◆ Your instructions ◆
What you return should be the complete data below, word for word, with no pictures in it.

◆ Supplied information ◆

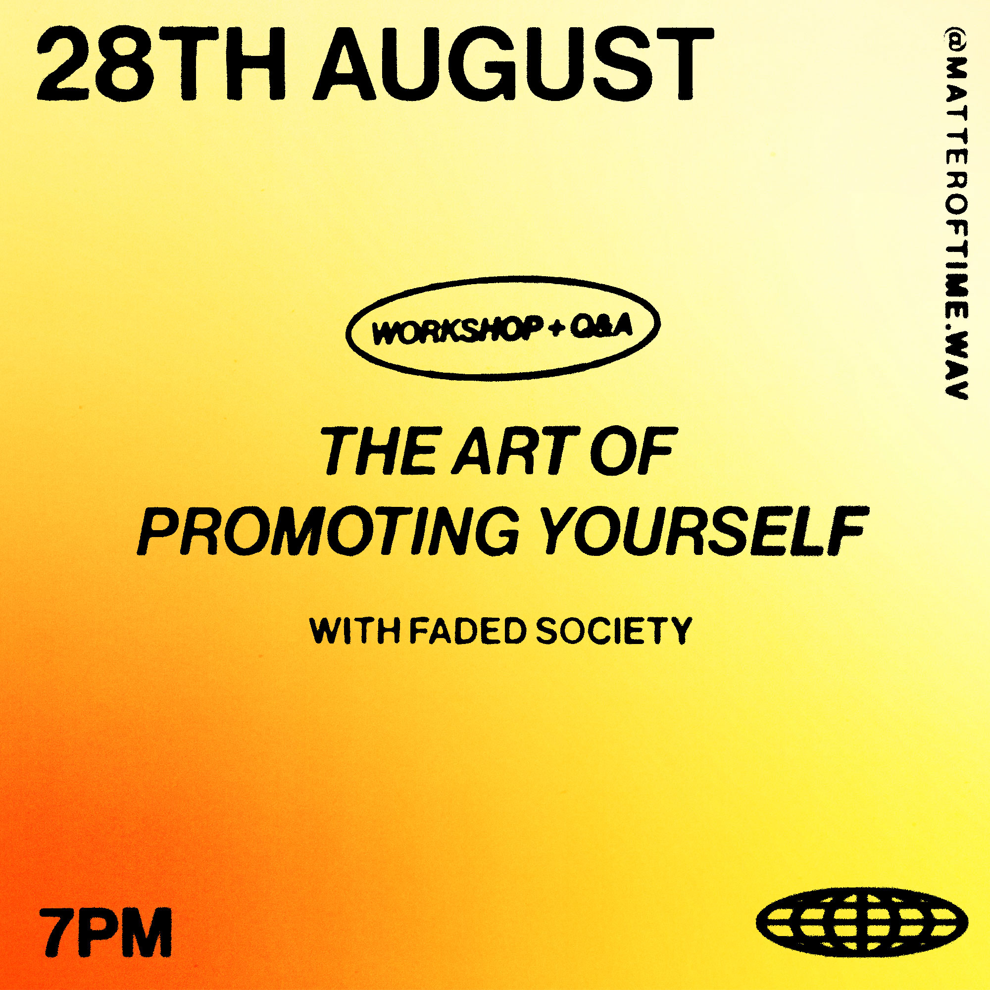 Cat aka Faded Society is a DJ, event producer and promoter, expert marketer and a leader nurturing grassroots talents in London. In this workshop, she'll talk through simple steps on how to promote yourself using resources already available to you. The aim is to inspire you to take actions today and curb that procrastination!
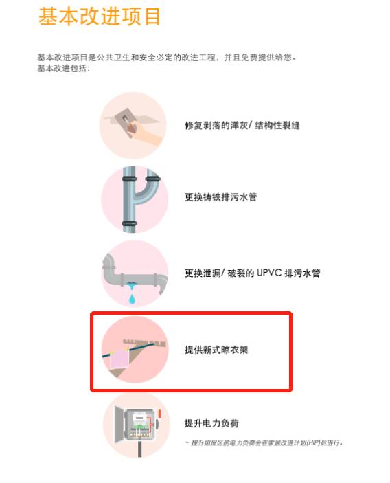 其實,爲了改善戶外晾衣的問題,新加坡政府也是花了不少心思。2007年8月推出家居改進計劃,便有包括拆除現有的戶外晾衣管口,並且以新型的晾衣架取而代之。
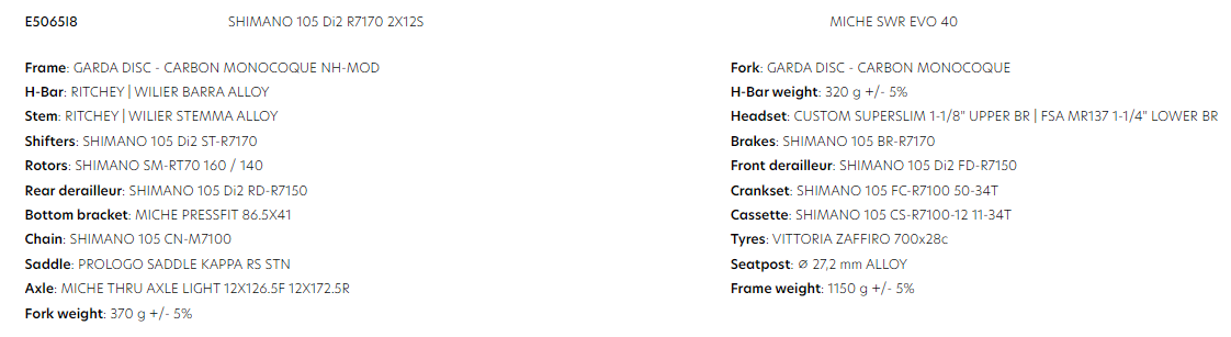 BIKE WILIER GARDA 105 DI2 R7170 SWR40

◆ Exercise answer ◆
 Cat aka Faded Society is a DJ, event producer and promoter, expert marketer and a leader nurturing grassroots talents in London. In this workshop, she'll talk through simple steps on how to promote yourself using resources already available to you. The aim is to inspire you to take actions today and curb that procrastination!
 其實,爲了改善戶外晾衣的問題,新加坡政府也是花了不少心思。2007年8月推出家居改進計劃,便有包括拆除現有的戶外晾衣管口,並且以新型的晾衣架取而代之。
 BIKE WILIER GARDA 105 DI2 R7170 SWR40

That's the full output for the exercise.